Within various formats—from statistics to Atheist vs. Christian debates and much more in between—the issue of wars, and specifically religious wars, is considered.
To begin with you can read up as to how the fact is that the argument from religious violence is not cogent.
At the conclusion of this article, we will provide a list of all of the wars which the authors of the Encyclopedia of Wars (New York: Facts on File, 2005 AD) label as religious wars.

The authors are nine history professors who specifically conducted research for the text for a decade in order to chronicle 1,763 wars. The survey of wars covers a time span from 8000 BC to 2003 AD. From over 10,000 years of war 123 wars, which is 6.98 percent, are considered to have been religious wars. Moreover, half of those involved Islam.

Now, what of “Atheist Wars”? While, for various reasons, this would be difficult to categorize, one thing certain; the 20th century was, both, the most secular and the bloodiest in human history. Moreover, it was the bloodiest because it was the most secular. Some claim that the historical fact of the correlation of secularism and body counts in the hundreds of millions is merely a coincidence based on that which actually allowed such high body counts which, they claim, was technological advancements. They claim that such advancement made committing such atrocities more efficient. However, this is clearly false as most of those hundreds of millions were not murdered by anything more technologically advanced than one bullet to the head (or, a machine gun at most), many others were simply starved to death which requires no technology whatsoever.
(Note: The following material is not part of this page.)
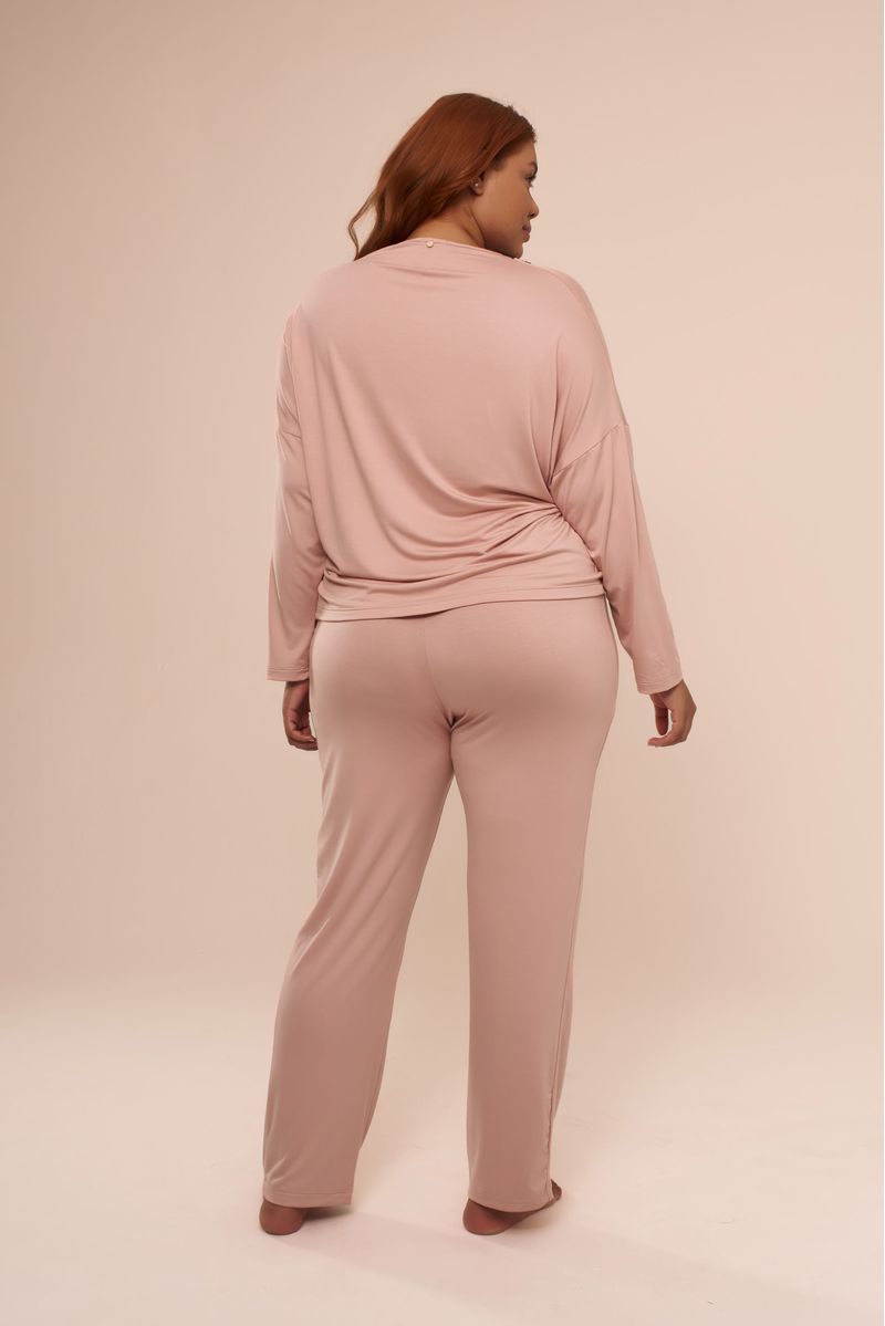 Pijama manga longa básico feito em malha com acabamento de renda recortada no decote. A calça é reta e básica. Veste todos os biotipos, é um conjunto confortável e meia estação. O tom rosa chá com a renda contrastante na cor preta deixou a coleção sweet ainda mais romântica.

The fact is that it was the secular worldview(s) which caused people to be seen as nothing but expendable bio-organisms. The hundreds of millions were not killed whilst engaged in war with other nations but were, rather, murdered by their very own regimes. They were not soldiers but civilians and they were not facing an enemy from without but from within; from their own leaders.

Author, researcher, and Socratic gadfly, Vox Day notes (within the book The Irrational Atheist: Dissecting the Unholy Trinity of Dawkins, Harris, And Hitchens):

“Apparently it was just an amazing coincidence that every Communist of historical note publicly declared his atheism….there have been twenty-eight countries in world history that can be confirmed to have been ruled by regimes with avowed atheists at the helm…These twenty-eight historical regimes have been ruled by eighty-nine atheists, of whom more than half have engaged in democidal [a “term coined to describe government-instigated mass murder of its own citizens”] acts of the sort committed by Stalin and Mao….
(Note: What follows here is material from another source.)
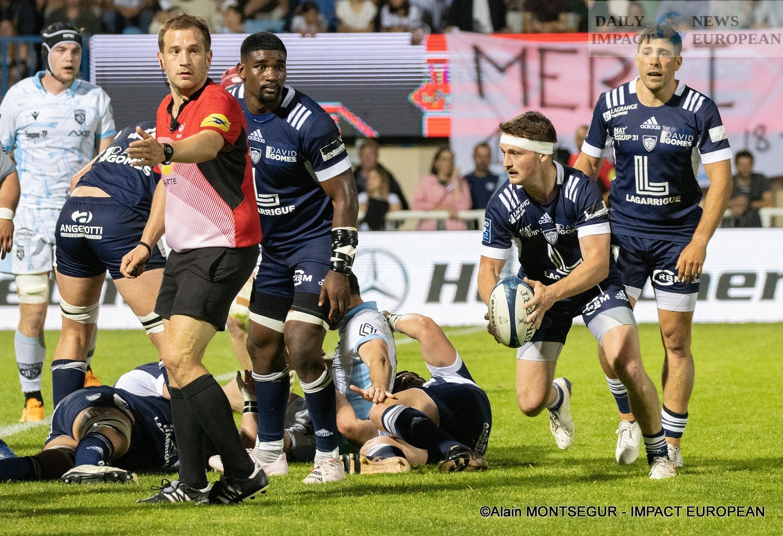 And here is the XV of Julien Sarraute and his staff for Colomiers. Grégoire Maurino is the captain, symbol of this club, is the captain for a night, was at the center of the celebrations. This one had a banner bearing his effigy, cracked smoke bombs, several ovations during and after the match and even a completely naked supporter who came against him when he left the lawn… Thirteen seasons, that’s something to celebrate!

The total body count for the ninety years between 1917 and 2007 is approximately 148 million dead at the bloody hands of fifty-two atheists, three times more than all the human beings killed by war, civil war, and individual crime in the entire twentieth century combined.

The historical record of collective atheism is thus 182,716 times worse on an annual basis than Christianity’s worst and most infamous misdeed, the Spanish Inquisition. It is not only Stalin and Mao who were so murderously inclined, they were merely the worst of the whole Hell-bound lot. For every Pol Pot whose infamous name is still spoken with horror today, there was a Mengistu, a Bierut, and a Choibalsan, godless men whose names are now forgotten everywhere but in the lands they once ruled with a red hand.

Is a 58 percent chance that an atheist leader will murder a noticeable percentage of the population over which he rules sufficient evidence that atheism does, in fact, provide a systematic influence to do bad things? If that is not deemed to be conclusive, how about the fact that the average atheist crime against humanity is 18.3 million percent worse than the very worst depredation committed by Christians, even though atheists have had less than one-twentieth the number of opportunities with which to commit them.
If one considers the statistically significant size of the historical atheist set and contrasts it with the fact that not one in a thousand religious leaders have committed similarly large-scale atrocities, it is impossible to conclude otherwise, even if we do not yet understand exactly why this should be the case. Once might be an accident, even twice could be coincidence, but fifty-two incidents in ninety years reeks of causation!”[1]

And this is the point, this has been about “atheist leader[s]” who “murder a noticeable percentage of the population over which he rules” and they do so because of their worldview(s) which has them view other humans as either beneficial to their ends or useless/worthless eaters depleting resources in the struggle for life—mein kampf / my struggle.

Conversely, let us note that removing one single religion from the stats on all “religious wars,” removing Islam’s contribution, “means that all of the other religious faiths combined only account for 3.35 percent of humanity’s wars. The historical evidence is conclusive. Religion is not a primary cause of war”—indeed, it is not even anywhere near the realm of being close.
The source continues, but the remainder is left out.